Una comunità cittadina che condivide questa visione può allora aprirsi a un orizzonte europeo. E qui entra in gioco il secondo aspetto di una città europea, quello dello stampo europeo che la città può darsi. Innanzitutto, i valori su cui si è fondata l’Europa dopo la Seconda guerra mondiale possono essere promossi anche a livello cittadino. Spesso si sente parlare di città aperta, in contrapposizione alla città chiusa. Ma la città aperta altro non è che una città che sceglie i valori che le società europee hanno posto al centro delle proprie Costituzioni a metà Novecento. In altre parole, quei valori che sono quanto di più condiviso fra i cittadini di tutti gli Stati (e le città) europee: la pace, la solidarietà, la dignità umana, l’uguaglianza e la libertà.

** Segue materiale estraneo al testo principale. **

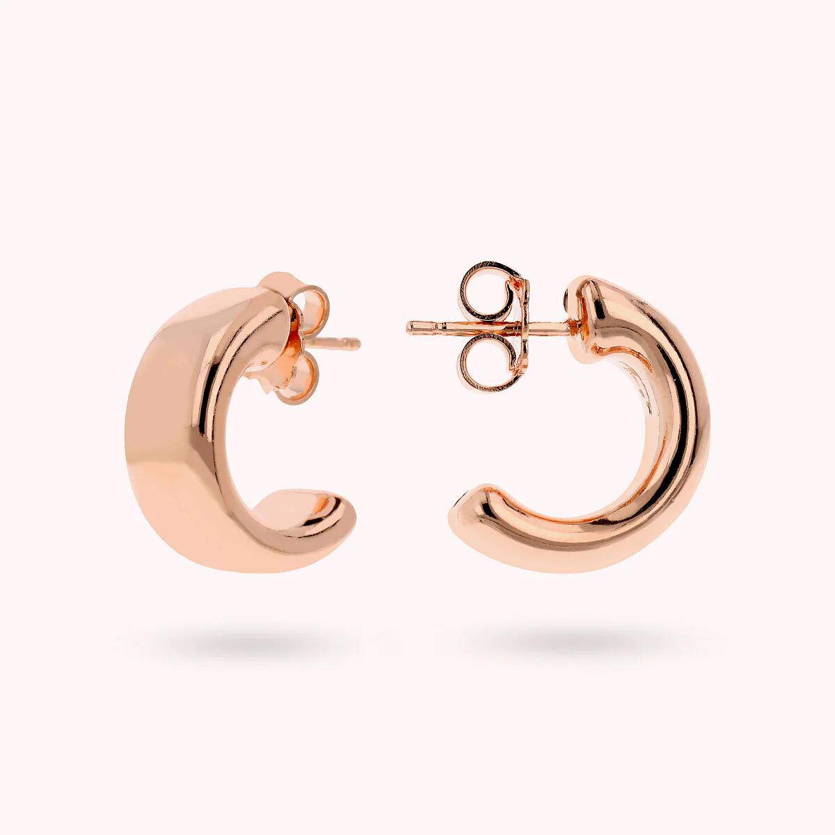 Orecchini a lobo Bronzallure realizzati in lega Golden Rosé, placcata Oro rosa 18kt, dalla forma a semi-cerchio e superficie lucida. Chiusura a perno e farfalla.

In seconda battuta, una città di stampo europeo è una città aperta agli esempi e alle contaminazioni delle esperienze internazionali. È una città che quando sceglie alza lo sguardo e cerca esempi positivi anche al di là delle Alpi. È una città che cerca le occasioni di finanziamento e che sa farsi trovare pronta per le opportunità di progetti e fondi a cui accedere. È una città che sa attrarre gli investimenti internazionali per creare lavoro e per dare più motivi ai propri giovani per restare. È una città che sa accogliere chi arriva da fuori, che costruisce un polo universitario internazionale e che offre opportunità agli studenti che la scelgono. È una città, infine, che mira a costruire collegamenti e vie di comunicazione con i poli strategici europei: e quale città meglio di Verona può approfittare della propria posizione geografica?

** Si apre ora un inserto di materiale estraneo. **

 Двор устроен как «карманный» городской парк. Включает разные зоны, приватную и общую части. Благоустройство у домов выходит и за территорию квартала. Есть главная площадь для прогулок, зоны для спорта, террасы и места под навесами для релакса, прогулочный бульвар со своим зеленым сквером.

Aprirsi al livello europeo, dunque, non significa solamente perseguire ideali e valori che, per alcuni, non intaccano realmente la vita quotidiana dei cittadini (anche se, a questi, andrebbe risposto che libertà, uguaglianza e pace intaccano la vita delle persone molto più di una strada asfaltata). Aprirsi al livello europeo significa anche miglioramento della città nei suoi aspetti più concreti.

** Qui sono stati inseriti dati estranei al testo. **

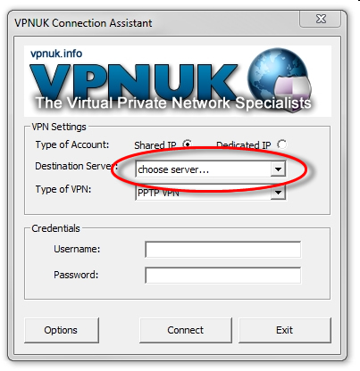 Select the ‘Destination Server’ you would like to connect to. If you use the Dedicated IP service, select the corresponding server to where your unique IP is located.

In conclusione, una Verona europea non è una Verona che deve estraniarsi dalla sua identità o dal contesto italiano, ma al contrario è una Verona che apre i propri orizzonti e che si affaccia, arricchendo le proprie peculiarità, sul vasto mare delle opportunità europee. È una questione di orizzonte e di stampo. È una città che non insegna ai propri giovani che tutto il mondo è racchiuso nelle mura cittadine, ma che sprona ad amare il proprio territorio e contemporaneamente a contaminarsi con quel che c’è fuori. È una città i cui cittadini possano definirsi veronesi e anche europei.